_Problem requirements_
The records should be repeated word for word, pictures excluded.

[Source data]
■ ■ ■ ■ ■

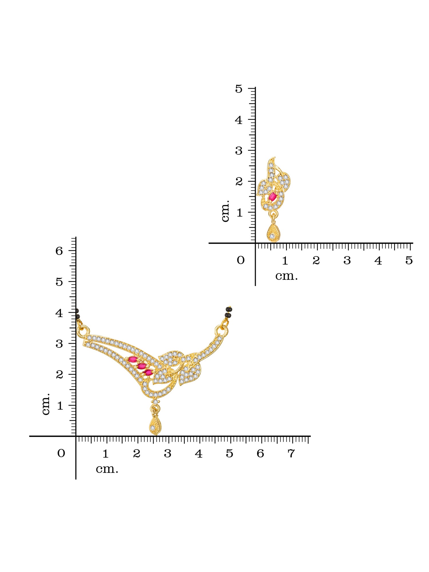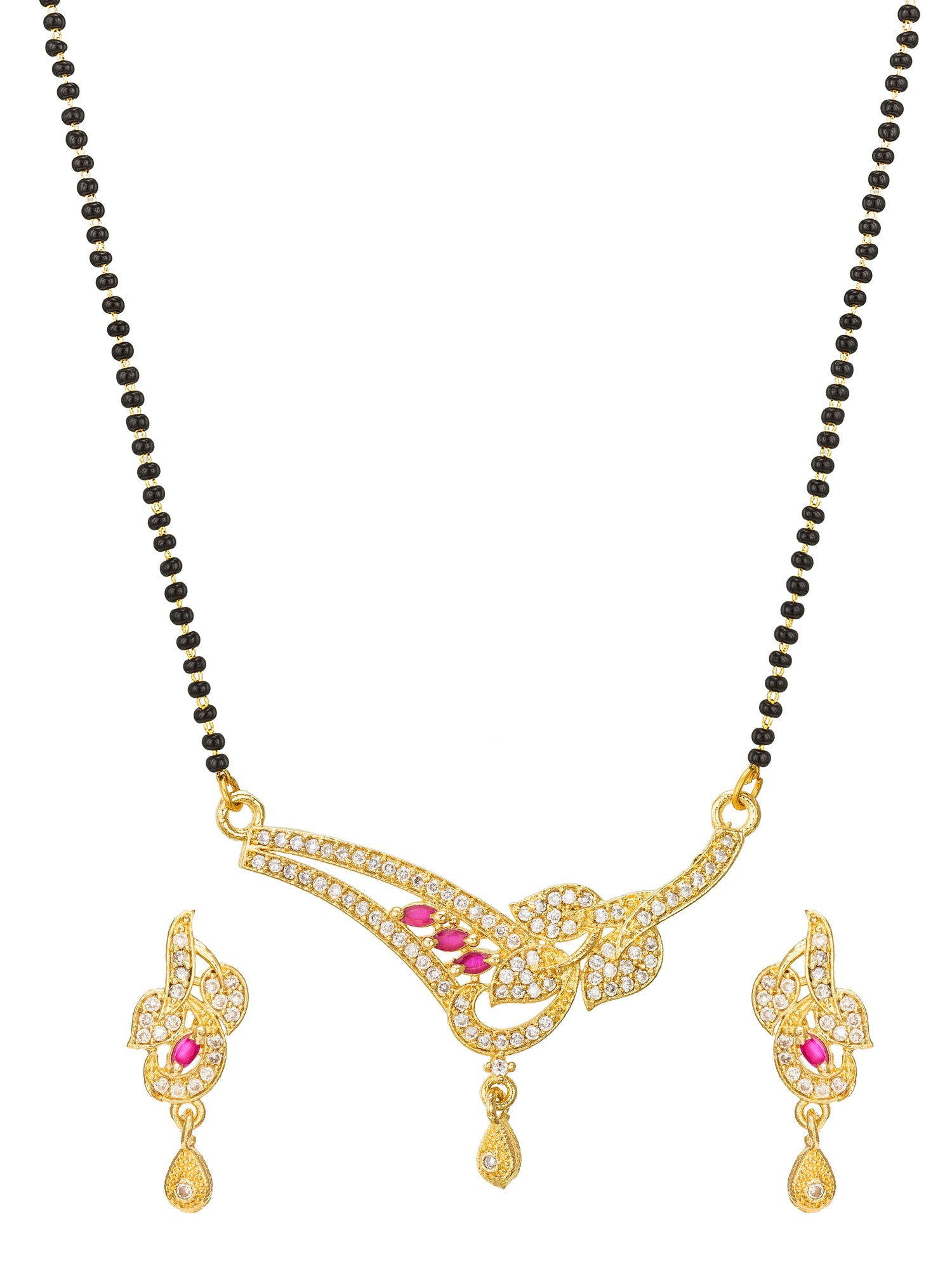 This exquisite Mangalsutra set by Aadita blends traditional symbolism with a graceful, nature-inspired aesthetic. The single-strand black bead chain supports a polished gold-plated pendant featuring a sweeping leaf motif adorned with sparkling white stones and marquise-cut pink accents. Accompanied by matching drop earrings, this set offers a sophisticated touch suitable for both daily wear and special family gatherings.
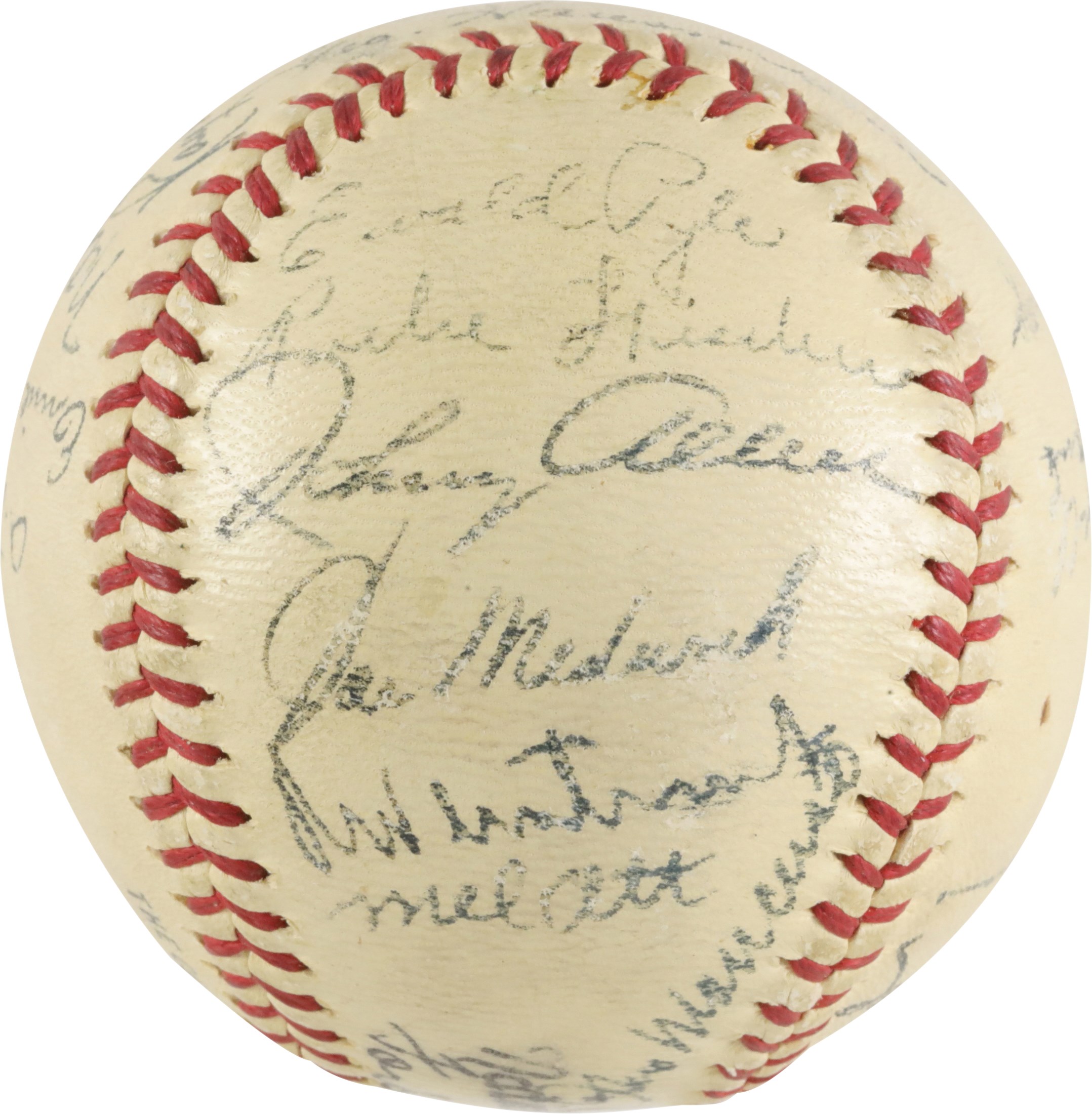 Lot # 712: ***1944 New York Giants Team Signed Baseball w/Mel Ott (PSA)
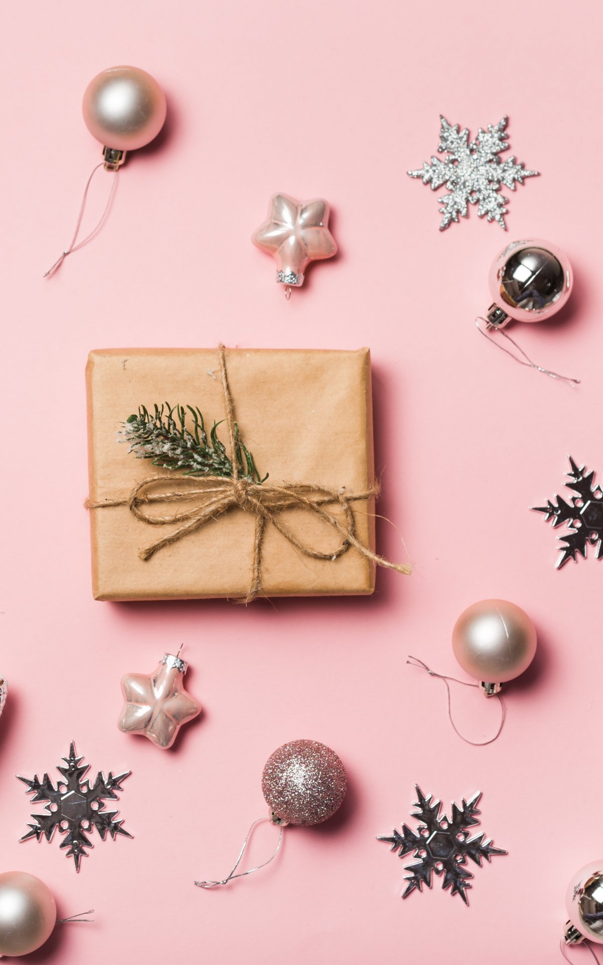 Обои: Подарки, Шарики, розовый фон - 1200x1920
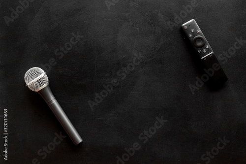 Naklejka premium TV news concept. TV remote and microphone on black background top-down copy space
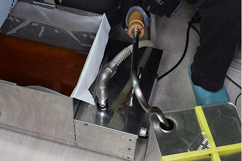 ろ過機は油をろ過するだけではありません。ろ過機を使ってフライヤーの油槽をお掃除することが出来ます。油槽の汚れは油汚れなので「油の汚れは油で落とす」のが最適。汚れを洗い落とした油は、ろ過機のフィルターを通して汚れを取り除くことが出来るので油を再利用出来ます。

■ ■ ■ ■ ■

_Task response_
 This exquisite Mangalsutra set by Aadita blends traditional symbolism with a graceful, nature-inspired aesthetic. The single-strand black bead chain supports a polished gold-plated pendant featuring a sweeping leaf motif adorned with sparkling white stones and marquise-cut pink accents. Accompanied by matching drop earrings, this set offers a sophisticated touch suitable for both daily wear and special family gatherings.
 Lot # 712: ***1944 New York Giants Team Signed Baseball w/Mel Ott (PSA)
 Обои: Подарки, Шарики, розовый фон - 1200x1920
 Naklejka premium TV news concept. TV remote and microphone on black background top-down copy space
 ろ過機は油をろ過するだけではありません。ろ過機を使ってフライヤーの油槽をお掃除することが出来ます。油槽の汚れは油汚れなので「油の汚れは油で落とす」のが最適。汚れを洗い落とした油は、ろ過機のフィルターを通して汚れを取り除くことが出来るので油を再利用出来ます。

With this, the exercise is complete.